On 8/03/16 4:53 am, Garrett Smith wrote:
>
> For whatever reason FP pedantry is not a draw for me. When I need
> inspiration I look to Python. Maybe that's the wrong direction and we
> need to drive our community through more gates.

I don't know what "drive our community through more gates" means,
but copying Python is *definitely* the wrong direction.  Heck, even
*Python* (3) hasn't followed Python (2)  When it comes to cultural
compatibility with Erlang, Python is better than COBOL, PL/I, or RPG.
But that's about as far as I'd go.

For what it's worth, in Swift there is no 'join' function; instead there
are JoinGenerator and JoinSequence *types*.
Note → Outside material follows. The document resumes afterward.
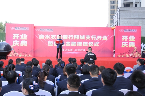 10月24日,商水農(nóng)商銀行舉行陽(yáng)城支行開(kāi)業(yè)暨 普惠金融授信儀式。該行行長(zhǎng)李楠及中層以上人員參加儀式??h金融辦負(fù)責(zé)人姜建中 、縣人民銀行行長(zhǎng)徐明、銀監(jiān)辦主任張明瑭,部分客戶代表應(yīng)邀出席儀式,儀式由姜建中主持。

Monads aren't pedantry: they're (an instance of) *power*.  If you can
view something as a Monad, then you get a range of useful operations
for free.  (And this applies to other things like Monoid as well.) It's
not, I think, unfair to say that
Haskell : Erlang :: Category Theory : Naive Set Theory.
I'm a set theory person myself; I have been trying for years to get
further than chapter 3 of any category theory textbook and failing.
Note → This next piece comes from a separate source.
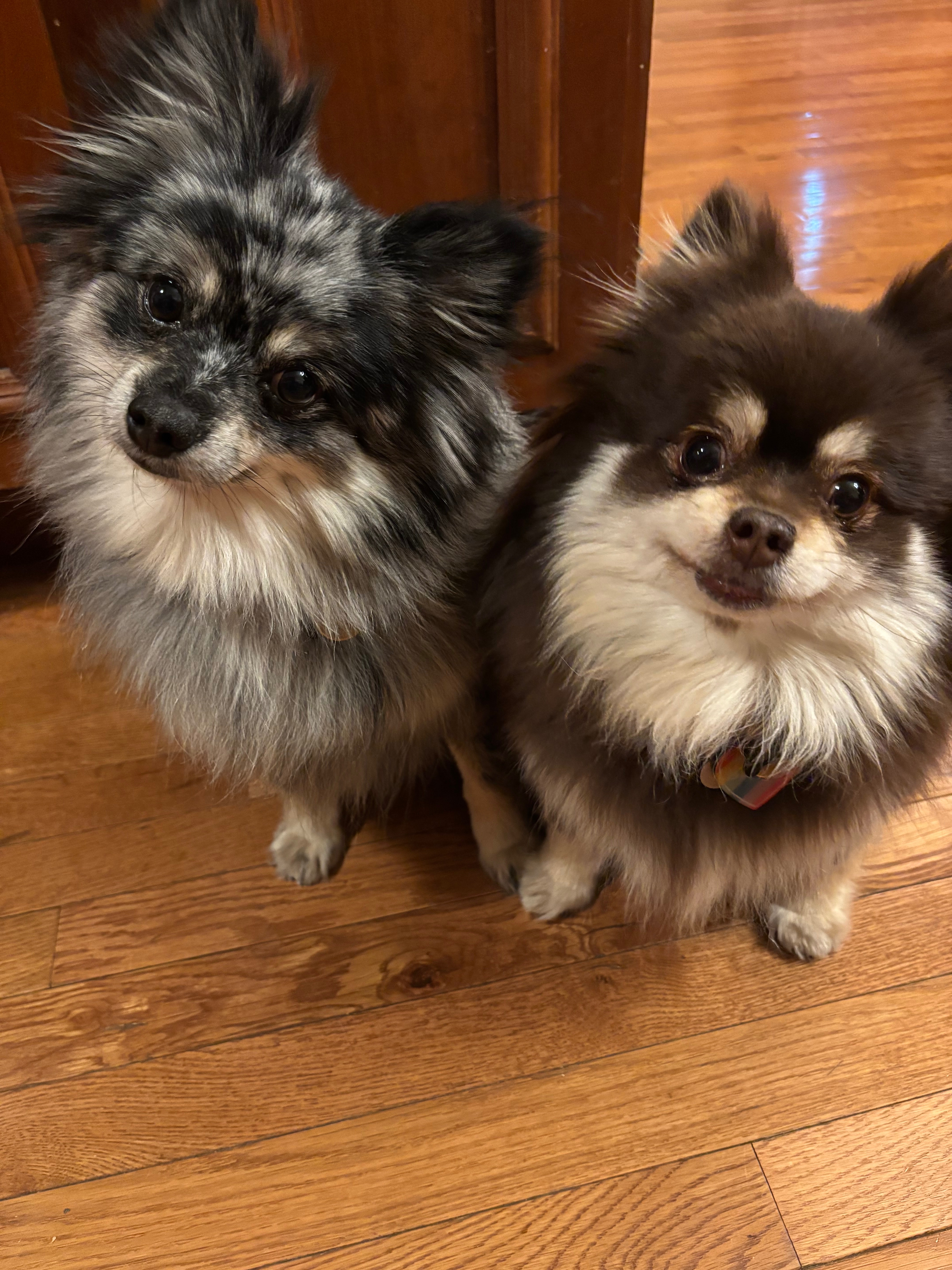 Stormy ( Gray Pomeranian) my other dog, was severely injured. She was bitten so badly that she lost full use of her back leg. After multiple vet visits, we were told she needs hip surgery to walk normally again. Right now, she hops on three legs, guards the injured one, and can’t play or move like she used to. Despite everything, she’s been so strong and sweet — always trying to stay happy and follow me everywhere, even in pain.

(Not unlike the way I get the generalisation of vector spaces to
tensor algebras, but then Clifford algebras trigger math-acrophobia.)
I am very happy with Haskell as a typed functional language, but the
Haskell community does tend to push abstraction to levels where my
ears bleed.  But I understand why they are doing it, and it's not
pedantry:  it's the passionate pursuit of programming power from
precise analogies.  It's the entirely reasonable desire to take a
piece of code that might have worked in Lisp or Erlang and say
"WHY does it work? How can we KNOW before we call it that it's
going to work?"  It's the lazy programmer's wish to write something
just once crossed with the software engineer's wish that it should be
*safe* to do so.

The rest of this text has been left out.